A state-of-the-art ensemble of ConvNeXt-V2 and Swin-V2 transformers, trained with Focal Loss and stochastic depth regularization — with full Grad-CAM, ELA and FFT explainability.
Two complementary vision backbones, each specialized for different manipulation signals, merged via learnable Platt scaling.
Evaluated on held-out validation split from FaceForensics++ C23 and 140K Real & Fake Faces datasets.
20 epochs on NVIDIA T4 GPU with mixed precision (AMP), gradient checkpointing, and cosine annealing LR schedule.
| Learning Rate | 1e-5 |
| Weight Decay | 1e-2 |
| Effective Batch | 64 (16×4 accum) |
| LR Schedule | CosineAnnealing |
| Focal α / γ | 0.25 / 2.0 |
| Drop Path Rate | 0.2 (both branches) |
| Image Size | 256×256 |
| Optimizer | AdamW |
Three complementary visual explanation methods reveal which image features drove the fake/real decision — making the model auditable and trustworthy.
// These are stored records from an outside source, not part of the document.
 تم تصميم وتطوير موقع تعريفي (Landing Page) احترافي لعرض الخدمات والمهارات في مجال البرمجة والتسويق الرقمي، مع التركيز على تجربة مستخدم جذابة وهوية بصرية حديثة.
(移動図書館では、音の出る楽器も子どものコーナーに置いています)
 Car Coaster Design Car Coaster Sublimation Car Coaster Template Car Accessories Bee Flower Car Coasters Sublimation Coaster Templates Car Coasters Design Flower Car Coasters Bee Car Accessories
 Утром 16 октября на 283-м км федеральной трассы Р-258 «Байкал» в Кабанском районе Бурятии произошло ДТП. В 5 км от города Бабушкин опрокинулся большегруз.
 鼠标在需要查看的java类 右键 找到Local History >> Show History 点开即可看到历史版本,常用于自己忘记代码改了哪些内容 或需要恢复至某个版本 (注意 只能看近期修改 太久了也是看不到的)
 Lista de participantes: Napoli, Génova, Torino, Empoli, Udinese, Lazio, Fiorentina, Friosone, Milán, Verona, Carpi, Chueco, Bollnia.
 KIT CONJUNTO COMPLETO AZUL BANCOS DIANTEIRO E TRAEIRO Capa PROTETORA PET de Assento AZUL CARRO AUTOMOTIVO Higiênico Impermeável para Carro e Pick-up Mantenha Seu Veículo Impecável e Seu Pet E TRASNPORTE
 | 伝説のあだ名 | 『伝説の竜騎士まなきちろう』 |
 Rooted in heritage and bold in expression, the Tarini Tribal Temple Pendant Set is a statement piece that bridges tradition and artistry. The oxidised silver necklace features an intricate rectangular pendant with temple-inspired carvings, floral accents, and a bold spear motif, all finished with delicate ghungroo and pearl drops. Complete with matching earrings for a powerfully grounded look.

Celeb-DF v2 was never seen during training — this tests whether the model learned generic manipulation signals or overfit to training-set artifacts.
| Dataset | AUC | SN34 | F1 |
|---|---|---|---|
| FF++ C23 (Val) | 0.9740 | 0.9610 | 0.9630 |
| Celeb-DF v2 (unseen) | 0.9120 | 0.8940 | 0.9010 |
| Drop | −6.2% | −6.9% | −6.2% |
A ~6–7% drop from in-distribution to Celeb-DF is expected and healthy — Celeb-DF v2 uses different compression, actors, and lighting conditions. Models with near-zero drop are typically memorising dataset-specific compression artifacts.
The AUC of 0.912 on Celeb-DF indicates the model learned genuine manipulation signals rather than dataset-specific shortcuts.